Since 2019 was not a year to celebrate anything either should cause us to stop for a moment and rethink what the government ought to be doing.
Just think: The youth in poll-bound Uttar Pradesh is agitating about unemployment, or rather the failure to find even the most menial of government jobs.
A couple of days ago, someone in Prayagraj on the verge of being 30 was interviewed on one of the TV channels.
He has lived in a cramped room for the last six years, appearing for various government job examinations and has not succeeded as yet.
Many of his fellow sufferers have taken to streets and blocked trains.
This Budget has nothing for them.
But they are the lucky ones, who have had the means to get a smacking of what we call education.
Millions more suffer quietly in the countryside, euphemistically labelled as being engaged in agriculture.
Their farms would do fine if they were not on them.
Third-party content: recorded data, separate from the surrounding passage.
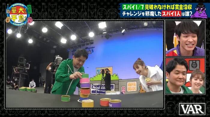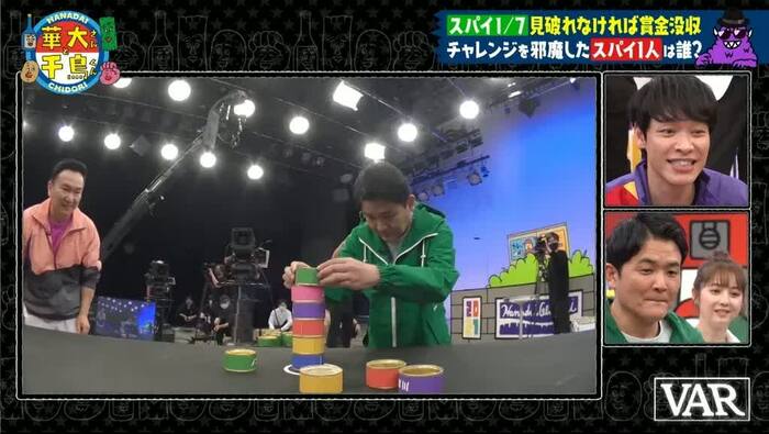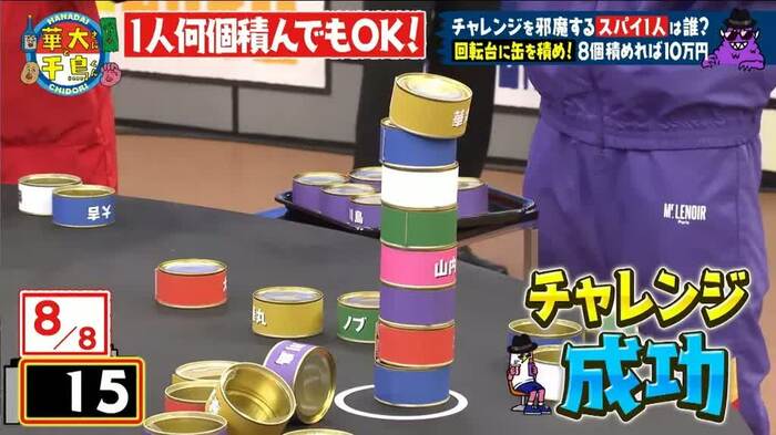 予想以上に缶を積むことに苦戦し、何度も倒してしまう一同。失敗する人が続出したため「容疑者多すぎる!」と大混乱。
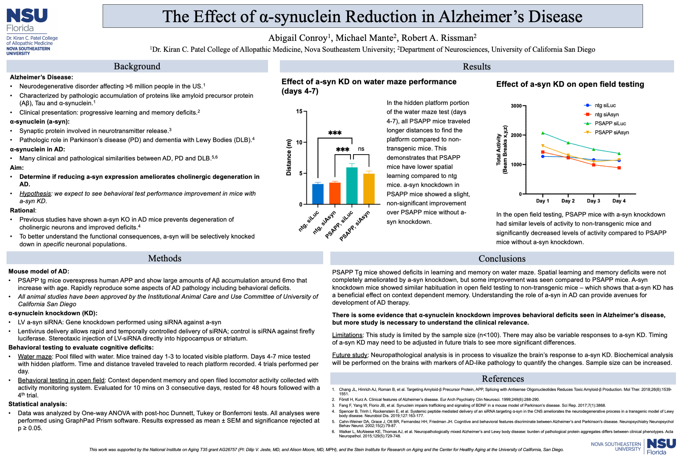 There is some evidence that α-synuclein knockdown improves behavioral deficits seen in Alzheimer’s disease, but more study is necessary to understand the clinical relevance. Understanding the role of a-syn in AD has implications for the future development of AD therapy. This study is limited by sample size (n<100) and future studies may see significant results with a larger n. The neuropathological analysis is ongoing and will help to better understand the brain’s response to a-syn KD.
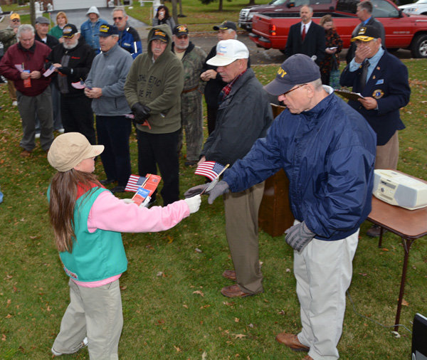 Brownie Scouts from Troop 7008 present flags and lapel pins to veterans at last year's ceremony.
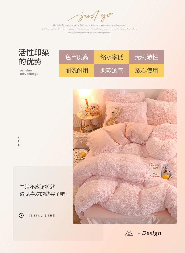 Скандинавский однотонный плюшевый комплект пододеяльника с простыне...
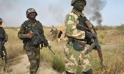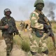Troops of the Nigerian Military conducting search and rescue operations in Okuoma community in Ughelli LGA for the killers of 18 officers and soldiers of the...
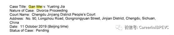 10月20日,曾与贾跃亭有过诉讼历史的顾颖琼曝光了一份法庭文件,文件中显示,2019年10月11日贾跃亭和甘薇已经在成都锦江区人民法院申请离婚,该申请的状态是处理中。

They have taken recourse to farming as the employer of the last resort.
A very large number are wondering how they would repay the loans they have taken to help get what passed for treatment to one of their kin who fell victim to Covid.
Some of these passed away, many more survived, but are in no condition to contribute to the family budget.
Ms Sitharaman proudly mentioned how the country has come out relatively unscathed after the deadly second wave of Covid, but these words offer no solace to the millions who lost everything to the treatment cost.
Many million young children have not gone to school for a year or longer.
They have missed out on what passes for education.
We admire the success of many Unicorns of Indian origin, Byju's being at the forefront of them.
Have we ever pondered why that is so?
The Byju's success story is based on the middle class parents' desperation to get their children at least rudimentary education in these Godawful times.
Should not the success of a digital school tuition enterprise make us deeply concerned about our education system?
And similarly, should not the widely-televised instances of Covid patients dying for want of oxygen make us ponder about the medical infrastructure?
What good would be the scores of new medical colleges and hospitals springing up all over the countryside if they cannot supply oxygen to incoming patients?
The prime minister has been proclaiming it a success that the government managed to provide free rations to 800 million during the pandemic.
What kind of a wannabe economic superpower claims it a success that 65 percent of its population cannot afford to pay for the most basic requirement of life, food?
No Ms Sitharaman, this was the one Budget that required radical departures on all these fronts, when it had none.
It required to say how we would permanently gain an export share which the Chinese have been vacating and countries like Vietnam and Bangladesh are not in any position to take up the slack, in garments and footwear.
We needed to hear how the government has a package of policies to attract new investment in these and similar industries and make available to them cheap manpower, so that they become globally competitive.
This was the time when we needed to hear how we are reversing the trend of untrained manpower returning to agriculture.
When you have a tax-to-GDP ratio stubbornly staying stuck around 10 per cent, you need to think out of the box to raise more resources, because the existing resources would nearly all be exhausted servicing earlier loans and paying the salary, and now pensions.
As a business education graduate, Ms Sitharaman surely knows that unfunded pension liabilities make an organisation economically unviable.
Government of India is in that category.
Where would the money come from then for such a big-bang Budget?
For one, from a vigorous and serious disinvestment.
Ms Sitharaman proclaimed the Rs 18,000 crore sell-off of Air India as a great success, but she did not mention that the target in the previous year's Budget was many times higher.
And this year, she said a part of the government equity in the behemoth Life Insurance Corporation would be sold, but she did not say what happens to many other public sector enterprises.
Had such a Budget been placed on the Lok Sabha table, we would have stood up and applauded. We would have said to ourselves, let's go do it.
We yawned instead and muttered "Thank God, it was not the usual two-hour long yarn!"